**Task item**
Leave out every picture and set down, exactly, the lines below from the one holding "- In HelioCampus, click" up to and including the one holding "工場圧縮エアー由来のCO2排".

**Data for this task**
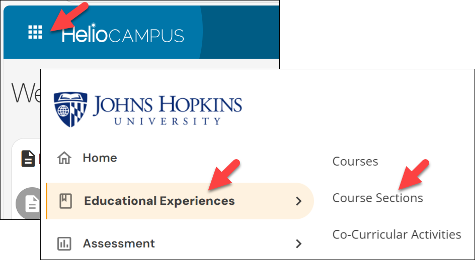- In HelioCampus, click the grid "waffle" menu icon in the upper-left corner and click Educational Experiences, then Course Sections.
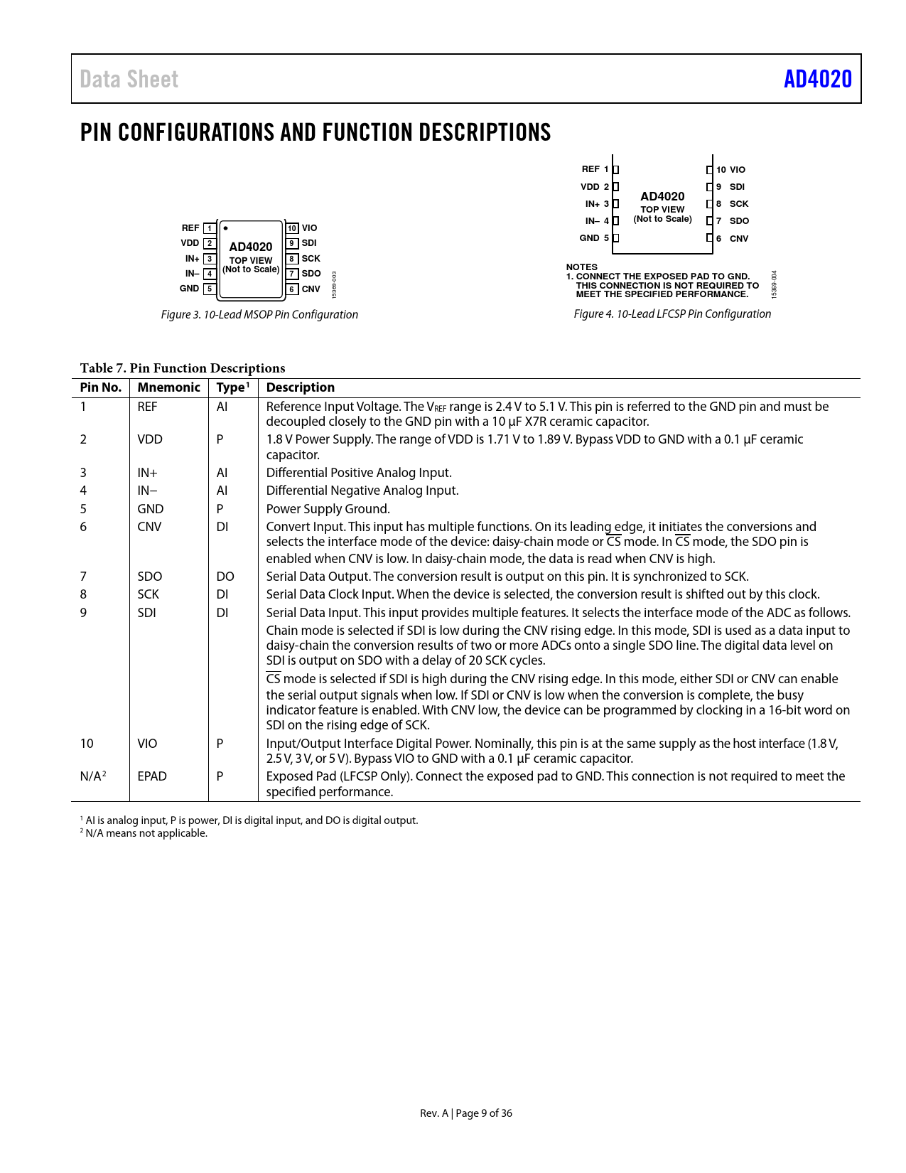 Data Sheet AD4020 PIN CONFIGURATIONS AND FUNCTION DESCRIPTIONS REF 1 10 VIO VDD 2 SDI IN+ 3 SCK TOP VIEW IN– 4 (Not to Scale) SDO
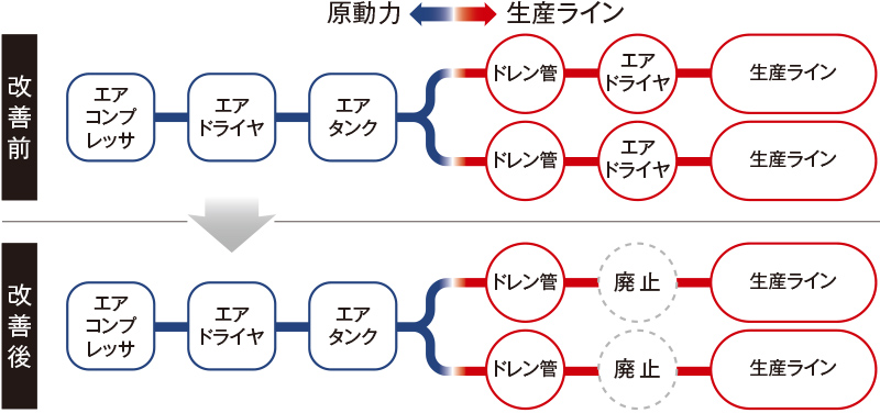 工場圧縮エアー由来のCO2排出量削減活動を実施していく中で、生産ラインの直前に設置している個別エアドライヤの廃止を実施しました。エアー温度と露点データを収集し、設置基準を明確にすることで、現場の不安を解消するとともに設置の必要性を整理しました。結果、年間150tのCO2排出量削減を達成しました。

...

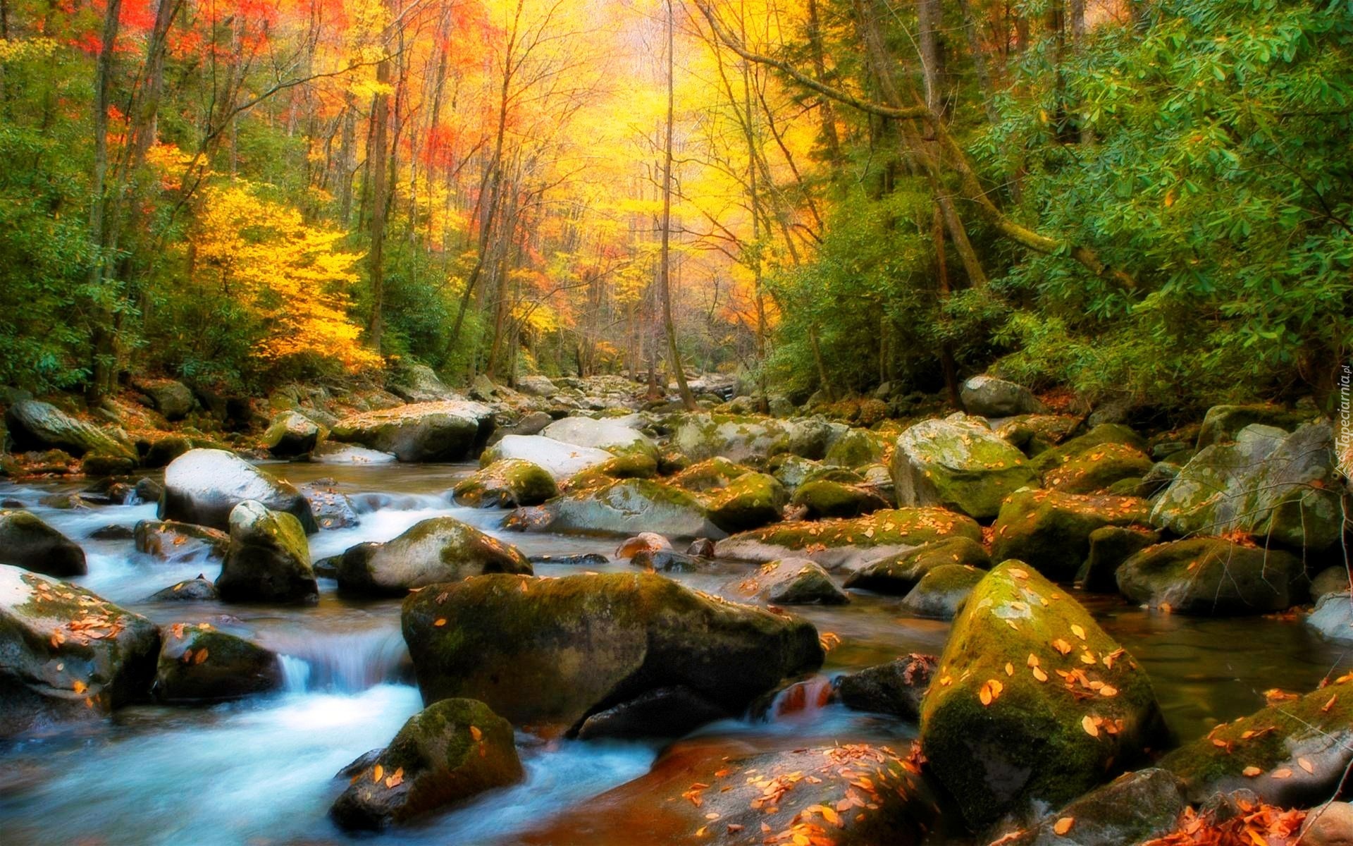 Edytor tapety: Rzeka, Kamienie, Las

---

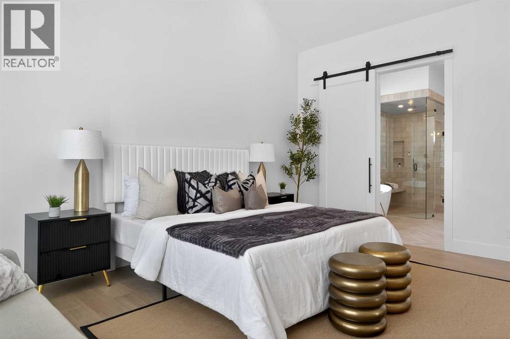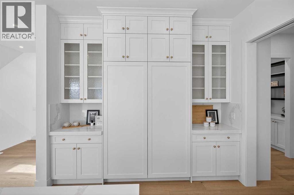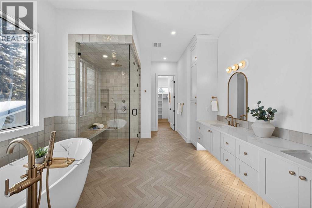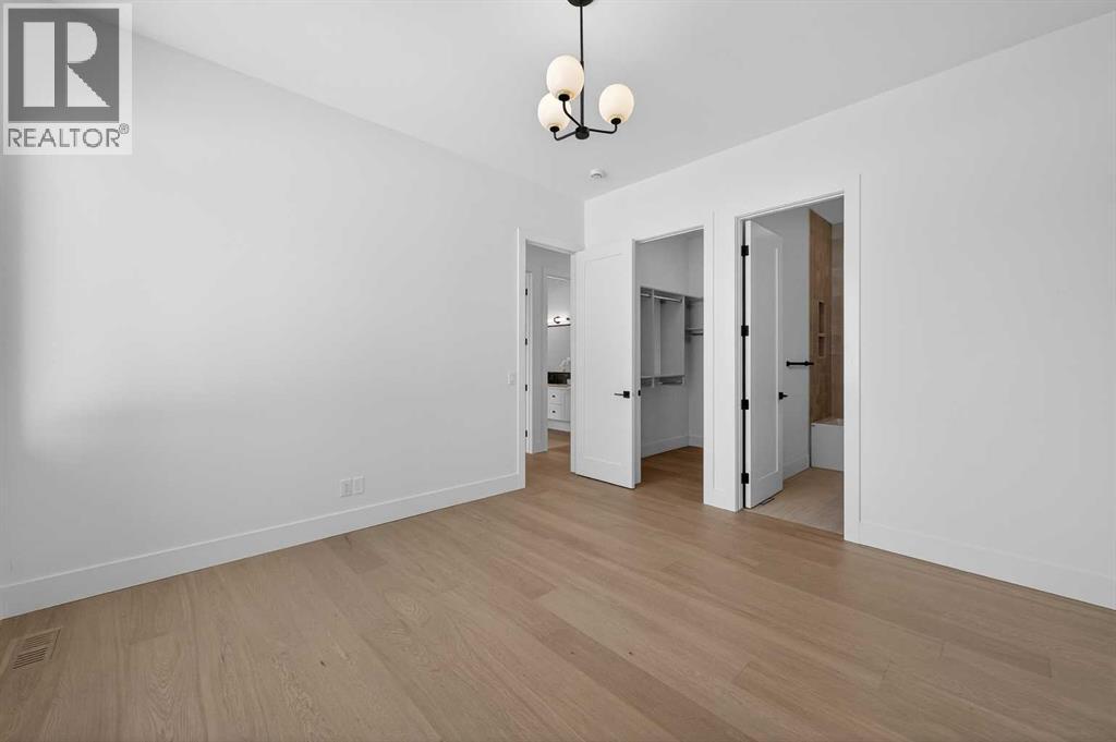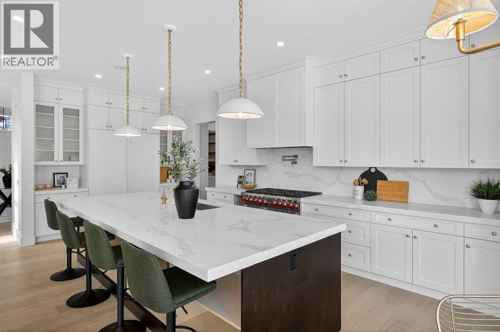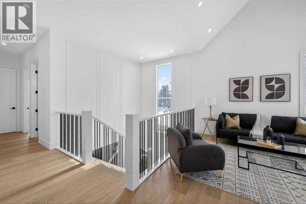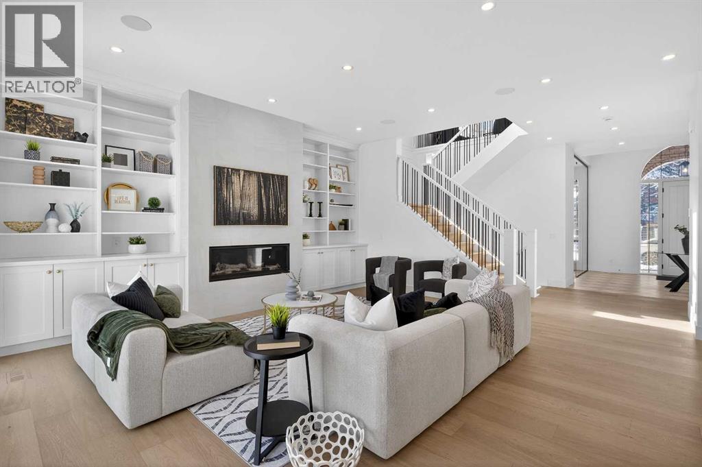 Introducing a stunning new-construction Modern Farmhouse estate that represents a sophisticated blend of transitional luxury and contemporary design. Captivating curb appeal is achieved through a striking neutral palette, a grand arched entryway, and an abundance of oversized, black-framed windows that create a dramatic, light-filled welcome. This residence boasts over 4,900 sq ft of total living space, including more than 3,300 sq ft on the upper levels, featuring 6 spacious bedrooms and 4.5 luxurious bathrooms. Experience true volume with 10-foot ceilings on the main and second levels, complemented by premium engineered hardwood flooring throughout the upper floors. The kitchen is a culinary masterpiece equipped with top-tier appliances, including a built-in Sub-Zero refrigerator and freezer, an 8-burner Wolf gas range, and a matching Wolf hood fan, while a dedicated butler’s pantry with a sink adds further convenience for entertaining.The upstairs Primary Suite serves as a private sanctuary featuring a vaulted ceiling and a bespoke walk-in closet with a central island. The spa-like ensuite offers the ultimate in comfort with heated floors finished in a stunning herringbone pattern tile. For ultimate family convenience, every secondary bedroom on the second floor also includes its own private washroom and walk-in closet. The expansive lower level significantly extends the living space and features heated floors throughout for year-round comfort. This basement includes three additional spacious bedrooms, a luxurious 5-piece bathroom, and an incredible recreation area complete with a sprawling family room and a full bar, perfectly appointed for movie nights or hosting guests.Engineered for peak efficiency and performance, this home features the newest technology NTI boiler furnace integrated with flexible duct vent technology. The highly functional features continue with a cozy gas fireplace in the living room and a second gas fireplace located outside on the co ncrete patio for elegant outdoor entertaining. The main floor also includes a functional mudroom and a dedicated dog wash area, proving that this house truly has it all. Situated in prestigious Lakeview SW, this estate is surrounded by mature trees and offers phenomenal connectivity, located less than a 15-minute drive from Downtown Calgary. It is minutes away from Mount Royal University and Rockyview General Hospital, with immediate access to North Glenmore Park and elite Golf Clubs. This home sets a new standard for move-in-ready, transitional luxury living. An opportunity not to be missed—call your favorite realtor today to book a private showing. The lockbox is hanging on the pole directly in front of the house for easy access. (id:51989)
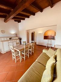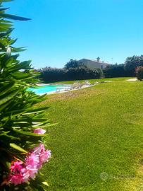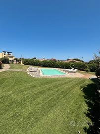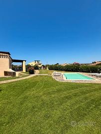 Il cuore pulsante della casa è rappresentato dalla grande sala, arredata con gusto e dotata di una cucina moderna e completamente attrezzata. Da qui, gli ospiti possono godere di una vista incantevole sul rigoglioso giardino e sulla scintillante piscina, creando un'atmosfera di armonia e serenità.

**Task solution**
- In HelioCampus, click the grid "waffle" menu icon in the upper-left corner and click Educational Experiences, then Course Sections.
 Data Sheet AD4020 PIN CONFIGURATIONS AND FUNCTION DESCRIPTIONS REF 1 10 VIO VDD 2 SDI IN+ 3 SCK TOP VIEW IN– 4 (Not to Scale) SDO
 工場圧縮エアー由来のCO2排出量削減活動を実施していく中で、生産ラインの直前に設置している個別エアドライヤの廃止を実施しました。エアー温度と露点データを収集し、設置基準を明確にすることで、現場の不安を解消するとともに設置の必要性を整理しました。結果、年間150tのCO2排出量削減を達成しました。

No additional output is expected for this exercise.